E-commerce has been here for a whole ten years, according to this article on CNET. A classmate of the founder of NetMarket purchased a CD online on August 11 1994, using a secure commercial transaction system for the first time, and kicked off a change in the way the world does business. This year, according to Forrester Research, online retailers in the US alone will take in $144 billion, making one dollar out of every fifteen spent an online dollar.
Whether it was NetMarket or the Internet Shopping Network that actually processed the first secure credit card purchase on the Internet in August 1994 doesn't really matter. That the US government only legally permitted commercial use of the Internet in 1995 is irrelevant.
What is significant is the pace at which this has happened, and the pace at which it is accelerating. In the US, e-commerce revenues this year will be 27 percent more than last year. In other countries the growth rate is higher. Despite anxieties about online security, the convenience of doing business online continues to drive more consumers to their browsers, and stimulates more businesses to do a better job of providing their products and services online.

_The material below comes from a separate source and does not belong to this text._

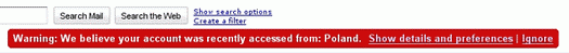 Όπως αναφέρετε και στο Gmail Blog, μια σύνδεση στο Gmail από μια συγκεκριμένη χώρα, ακολουθούμενη από μία άλλη σύνδεση σε μικρό χρονικό διάστημα από μια άλλη χώρα, σίγουρα θα μπορούσε να ενεργοποιήσει την προειδοποίηση . Για να σας βοηθήσει να καθορίσετε και μόνοι σας αν όντως ισχύει κάτι τέτοιο, δίνονται περισσότερες πληροφορίες ακολουθώντας την επιλογή "Show Details", όπως βλέπετε και παρακάτω.

The globalization of the Internet consumer base has prompted unprecedented attention to global e-commerce among sellers. American corporations are currently spending an average of $500,000 on globalizing their sites for every billion dollars of corporate revenue. How global is that Internet user base these days?

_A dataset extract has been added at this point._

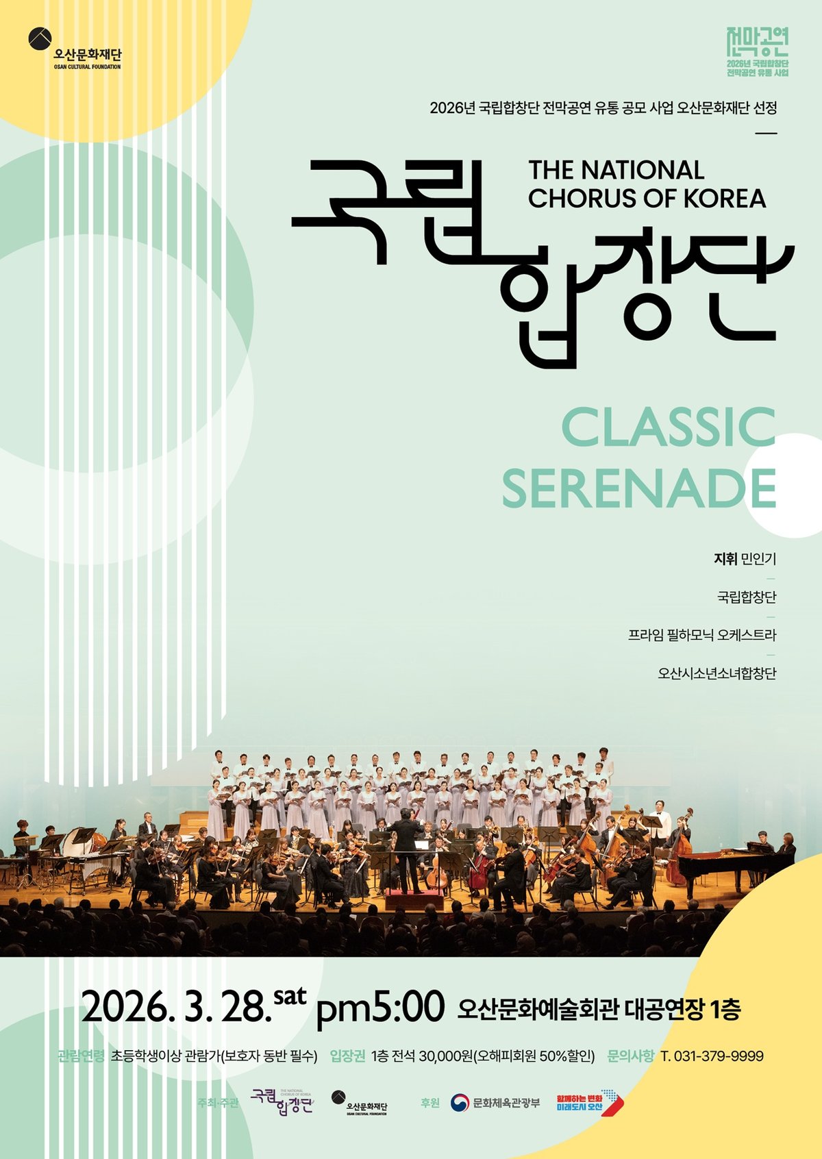 [PEDIEN] 국립합창단의 새로운 공연 'CLASSIC SERENADE'가 오는 28일 오후 5시, 오산문화예술회관 대공연장에서 전국 최초로 공개된다. 이번 공연은 오산문화재단이 국립합창단의 '2026 전막 공연 유통 공모사업'에 선정되면서 성사됐다.

According to A.C. Nielsen and others, the US has about 139 million active at-home Internet users, followed by China with 80 million. Japan had 34 million, South Korea 31 million, Germany 27 million, the UK 21 million, France 14 million, and Brazil 12 million. The growing powerhouse, of course, is China which will have 100 million Internet users by year end. And the absolute numbers don't tell the whole story -- it is the proportion of the population that really determines how intensively the technology influences business culture.
Remember the clicks-vs-bricks arguments of a few years ago, and the assertions that retailers could never make a profit online? Mere teething troubles and learning curves. When e-commerce actually matures (if ever), those early analyses will seem so short-sighted. The same will be true of the superstitious early attitudes to most aspects of e-business and e-learning.